PDE analysis and simulation

PDEs arise at several levels of our models. Parabolic equations can be used for large cell populations and also for intracellular spatio-temporal dynamics of proteins and their messenger RNAs in gene regulatory networks, transport equations are used for protein aggregation / fragmentation models and for the cell division cycle in age-structured models of proliferating cell populations. Existence, uniqueness and asymptotic behaviour of solutions have been studied (B. Perthame, Transport equations in biology, Springer, 2007) [67] [65] . Other equations, of the integro-differential type, dedicated to describing the Darwinian evolution of a cell population according to a phenotypic trait, allowing exchanges with the environment, genetic mutations and reversible epigenetic modifications, are also used [82] , [83] , [81] [23] . Through multiscale analysis, they can be related to stochastic and free boundary models used in cancer modelling.

Inverse problems

When studying biological populations (usually cells or big molecules) using PDE models, identification of the functions and parameters that govern the dynamics of a model may be achieved to a certain extent by statistics performed on individuals to reconstruct the probability distribution of their relevant characteristics in the population they constitute, but quantitative observations at the individual level (e.g., fluorescence in single cells [63] or size/age tracking  [89] ) require sophisticated techniques and are most often difficult to obtain.
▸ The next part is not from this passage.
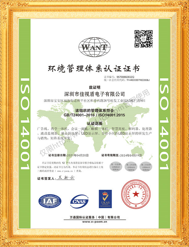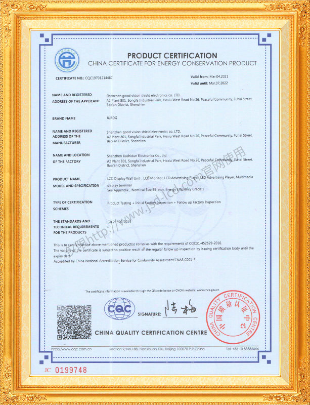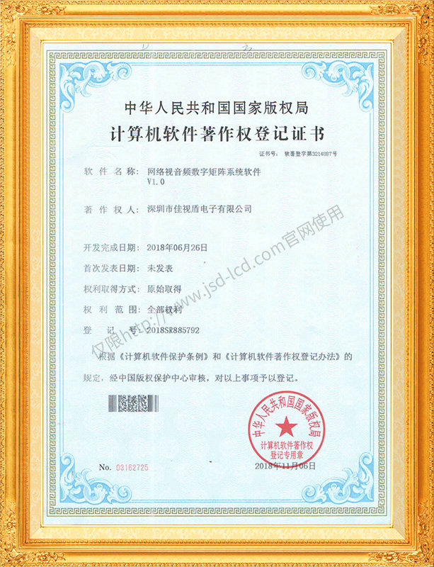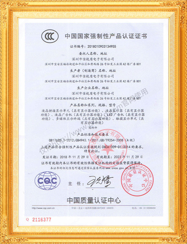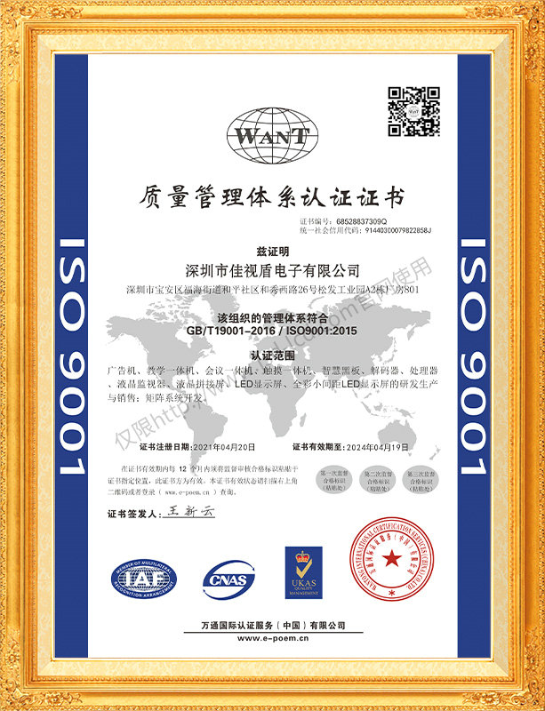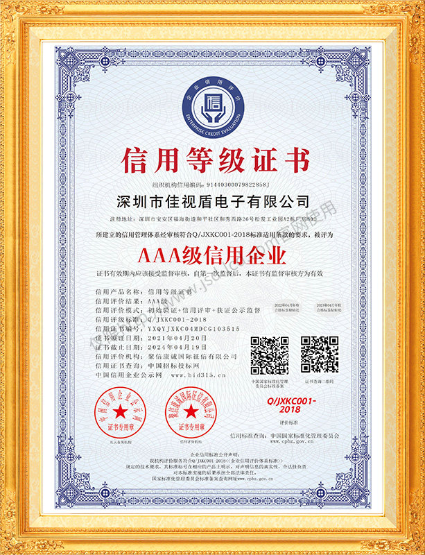 佳視盾科技采用了科學(xué)現(xiàn)代化管理模式,公司和產(chǎn)品通過了CCC、CB、CE、FCC、ROHS、ISO9001、職業(yè)健康管理體系、環(huán)境管理體系,中國節(jié)能認(rèn)證、多項(xiàng)認(rèn)證,取得多項(xiàng)專利技術(shù)及多項(xiàng)軟件著作權(quán), 并獲得國家及行業(yè)協(xié)會的多項(xiàng)榮譽(yù)證書,所有產(chǎn)品均經(jīng)過嚴(yán)格老化檢測及測試,達(dá)到行業(yè)優(yōu)等品的出貨標(biāo)準(zhǔn)。

Relying on the accuracy of a PDE model to describe the population dynamics, inverse problem methods offer a tractable alternative in model identification, and they are presently an active theme of research in MAMBA. Following previous studies  [70] , [71] , some combining statistical and deterministic approaches  [69] with application to raw experimental data [13] , we plan to develop our methods to new structured-population models (or stochastic fragmentation processes as in  [68] ), useful for other types of data or populations (e.g. size/age tracking, polymer length distribution, fluorescence in single cells).